Каблуки гулко цокают по промерзшему асфальту. Ветер треплет волосы, забирается под воротник. А в сумке лежит бесполезная теперь папка с документами.

Документы, от которых я ждала чуда. Надеялась разом решить все проблемы. Как наивно! Как глупо!

В кармане вибрирует телефон. Достаю, смотрю на экран. Номер незнакомый. Странно, кому это я понадобилась?

— Алло? — хриплю в трубку, удивляясь, как грубо звучит собственный голос.

— Марина? Это Александр. Ну что, что суд решил? Как все прошло?

Застываю посреди улицы, сжимая телефон побелевшими пальцами. Он! Тот, кто обещал помочь! Клялся содействовать! А сам — смылся в самый ответственный момент!
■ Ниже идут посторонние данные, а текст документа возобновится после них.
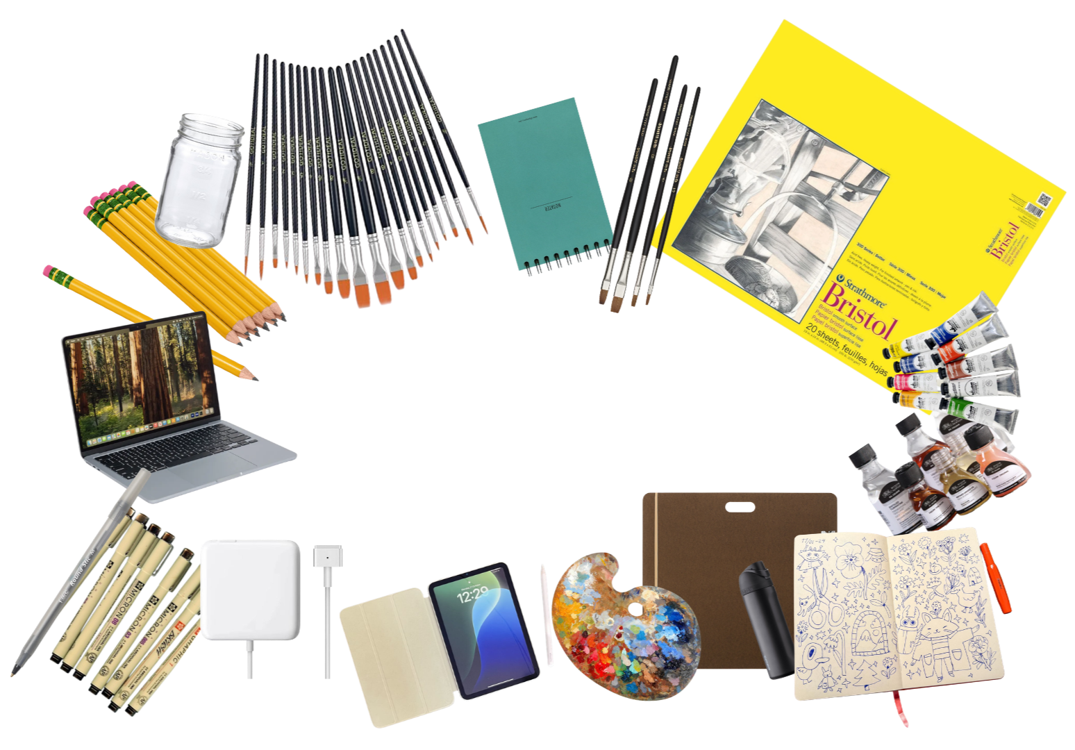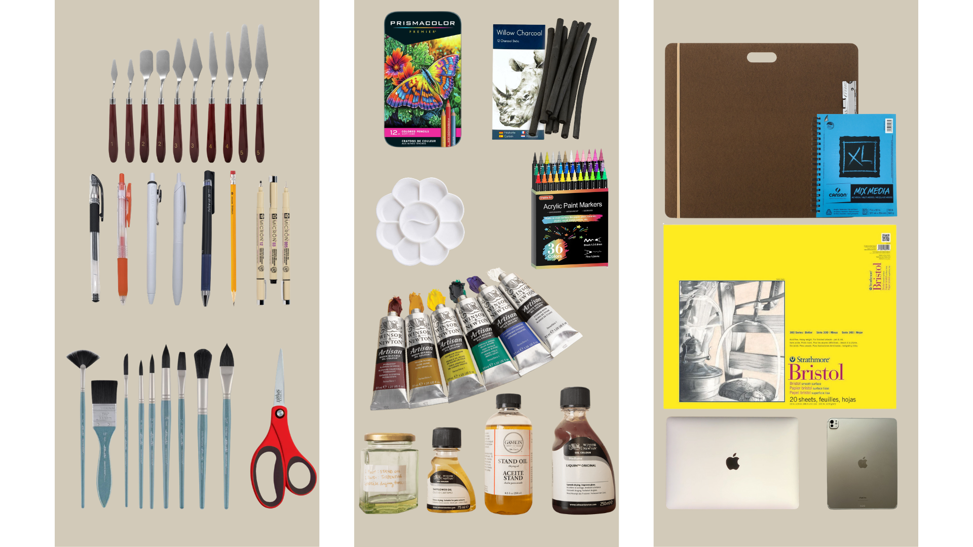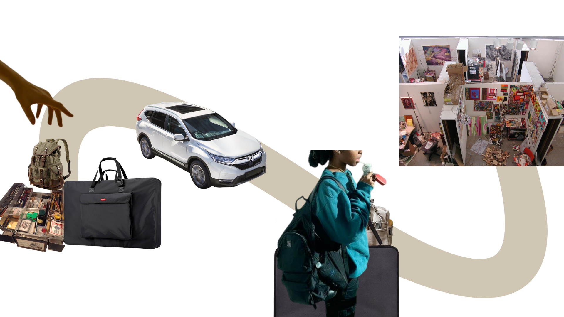 This is about what most traditional painters have to bring to school everyday spread about three bags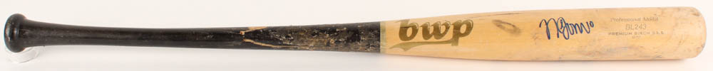 BWP Baseball bat. Hand-signed in blue felt tip pen by Nolan Jones (Cleveland Indians). Please note, the bat has been game-used and cracked by an unknown player.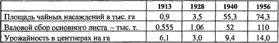 Мы видим, что в 1928 году урожайность сильно упала, но потом быстро поднялась. По отношению к дореволюционному уровню урожайность 1940 года возросла в 1,54 раза и сделала новый подъем от 1940 к 1956 г. в 1,57 раза. Видимо, таким образом, что в нормальные годы урожайность продолжает возрастать с очень хорошим темпом. Кстати, видимо, в справочнике «Ежегодник БСЭ, 1957 г.» вкралась ошибка, так как там на с. 126 в отношении Грузии (основной республики, производящей чай в СССР) сказано, что урожайность 1956 года составляет 103% по отношению к урожайности 1940 года.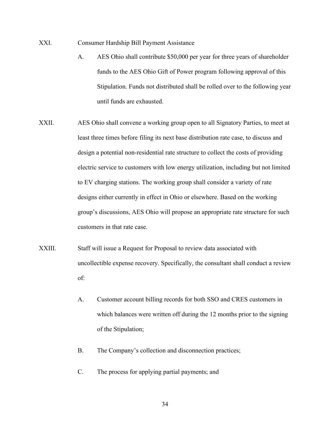 34 XXI. Consumer Hardship Bill Payment Assistance A. AES Ohio shall contribute $50,000 per year for three years of shareholder funds to the AES Ohio Gift of Power program following approval of this Stipulation. Funds not distributed shall be rolled over to the following year until funds are exhausted. XXII. AES Ohio shall convene a working group open to all Signatory Parties, to meet at least three times before filing its next base distribution rate case, to discuss and design a potential non-residential rate structure to collect the costs of providing electric service to customers with low energy utilization, including but not limited to EV charging stations. The working group shall consider a variety of rate designs either currently in effect in Ohio or elsewhere. Based on the working group’s discussions, AES Ohio will propose an appropriate rate structure for such customers in that rate case. XXIII. Staff will issue a Request for Proposal to review data associated with uncollectible expense recovery. Specifically, the consultant shall conduct a review of: A. Customer account billing records for both SSO and CRES customers in which balances were written off during the 12 months prior to the signing of the Stipulation; B. The Company’s collection and disconnection practices; C. The process for applying partial payments; and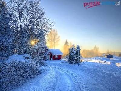 Wschód słońca, Droga, Drzewa, Zima, Dom, Pole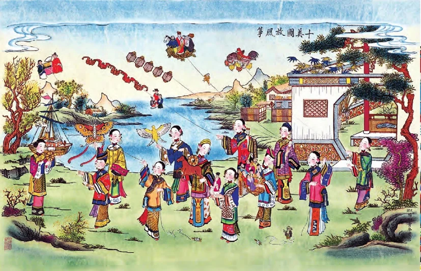 ▲十美图放风筝,天津杨柳青年画店创作的年画作

Меня накрывает волной ярости. Гнева и обиды — за себя, за Игоря, за наши разрушенные мечты. И я взрываюсь, не в силах сдержать горечь:

— Какого черта тебе надо? Где ты был, когда мы тебя ждали? В суде! Ты же обещал, клялся! А сам — испарился, растворился! Думаешь, прикрывать задницу визитками и звонками — это нормально? Да пошел ты… сам знаешь куда!
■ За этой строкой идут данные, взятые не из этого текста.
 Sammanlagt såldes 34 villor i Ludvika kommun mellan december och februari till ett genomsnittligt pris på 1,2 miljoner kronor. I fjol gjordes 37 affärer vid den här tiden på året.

— Марина, погоди! Дай объяснить! Меня не было в городе, срочные дела! Я правда старался успеть, рвался к вам! Дослушай хотя бы…

Но я с силой жму на сброс. Не желаю ничего слушать! Хватит с меня вранья, лицемерия! Сыта по горло!
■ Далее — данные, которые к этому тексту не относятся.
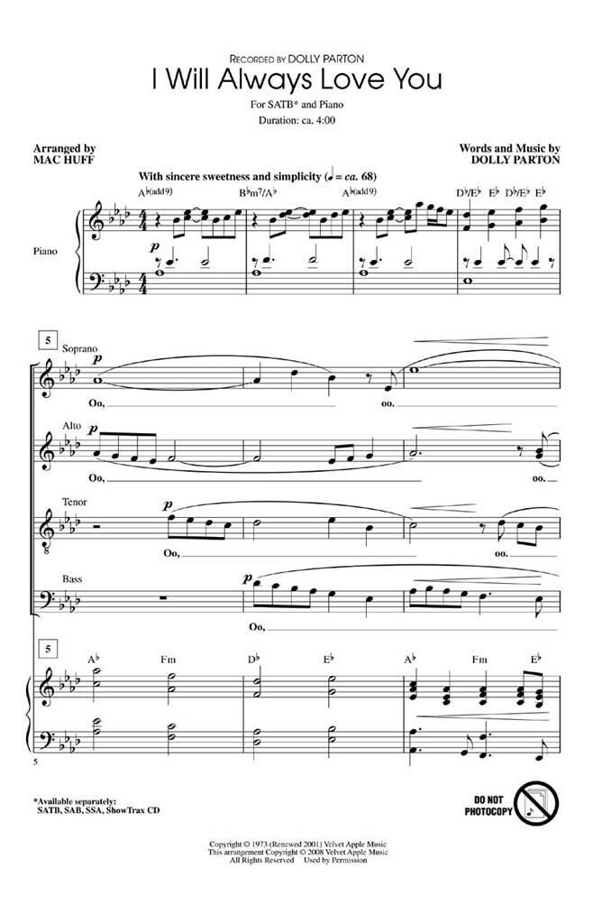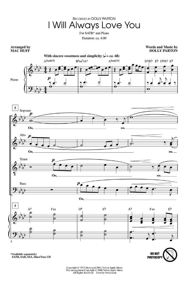 C’est la chanson qui a assuré la place de Dolly Parton dans l’histoire de la musique country et pop ! Simple, directe et puissante dans son impact émotionnel, cette sélection sera le point fort de tout programme. Disponibles séparément : SATB, SAB, SSA, ShowTrax CD. Durée : environ 16h00.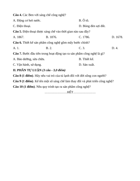 Câu 4. Các Ben với sáng chế công nghệ? A. Động cơ hơi nước. B. Ô tô. C. Điện thoại. D. Bóng đèn sợi đốt.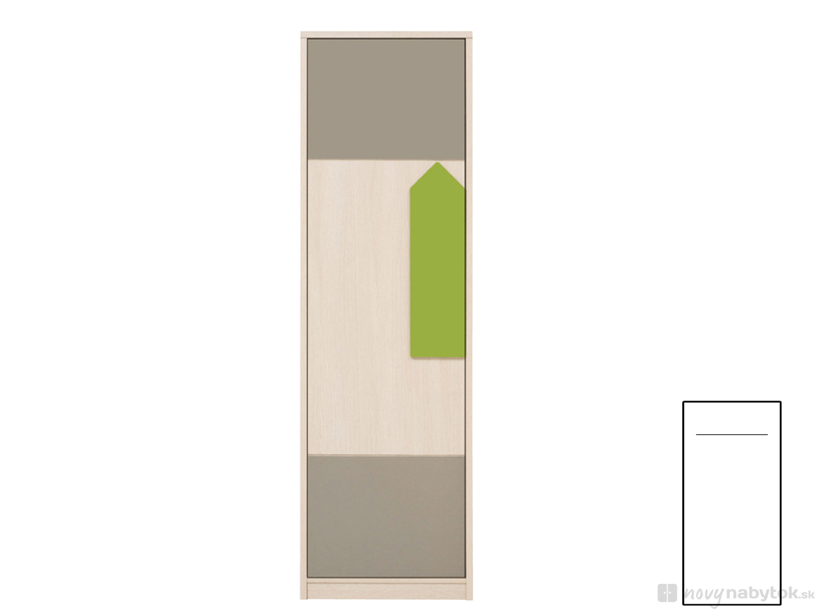 Moderná šatníková skriňa SZF1D_20_6 série Strzalka je veľmi vhodná do detskej izby. Vďaka svojim rozmerom Vám poskytne dostatok úložného priestoru pre Vaše bundy alebo kabáty. Zaujímavé farebné prevedenie dubového dreva a šedej farby v kombinácií so zelenými doplnkami korešpondujú s prevedením celej série. Skriňa je vyrobená z kvalitných materiálov.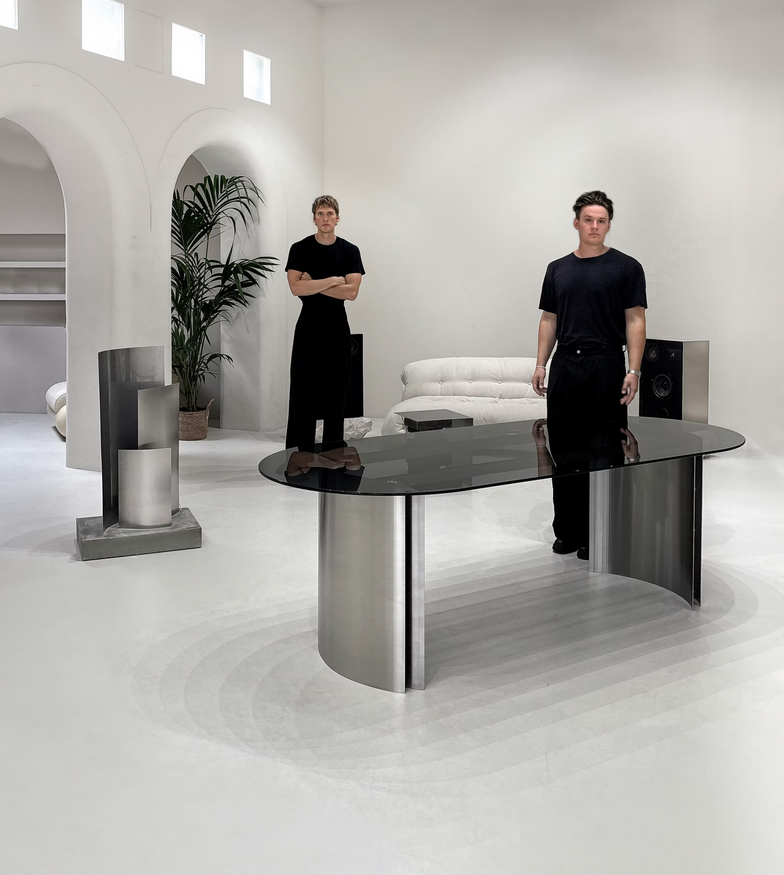 Each table is crafted in Germany from solid 3mm aluminum panels — sanded to a soft, even sheen that reduces fingerprints, stains, and scratches. The result is a timeless piece that balances industrial precision with artisanal sensitivity, designed to age beautifully and develop a subtle patina over time.

Засовываю телефон обратно, делаю несколько глубоких вдохов, пытаясь успокоиться. Истерикой делу не поможешь. Надо собраться. Надо жить дальше. Ради Игоря. Он там, за решеткой. И ему сейчас во сто крат хуже.

Вытираю слезы, расправляю плечи. Гордо вскидываю подбородок, топаю вперед. Ничего. Ничего, справлюсь. Переживу и это.

Любовь сильнее страха. Сильнее отчаяния и безысходности. Надо лишь верить. Надеяться. И ждать.

Игорь, родной мой… Я дождусь. Чего бы мне это ни стоило. Потому что люблю тебя. Сильнее жизни люблю.

Загрузка...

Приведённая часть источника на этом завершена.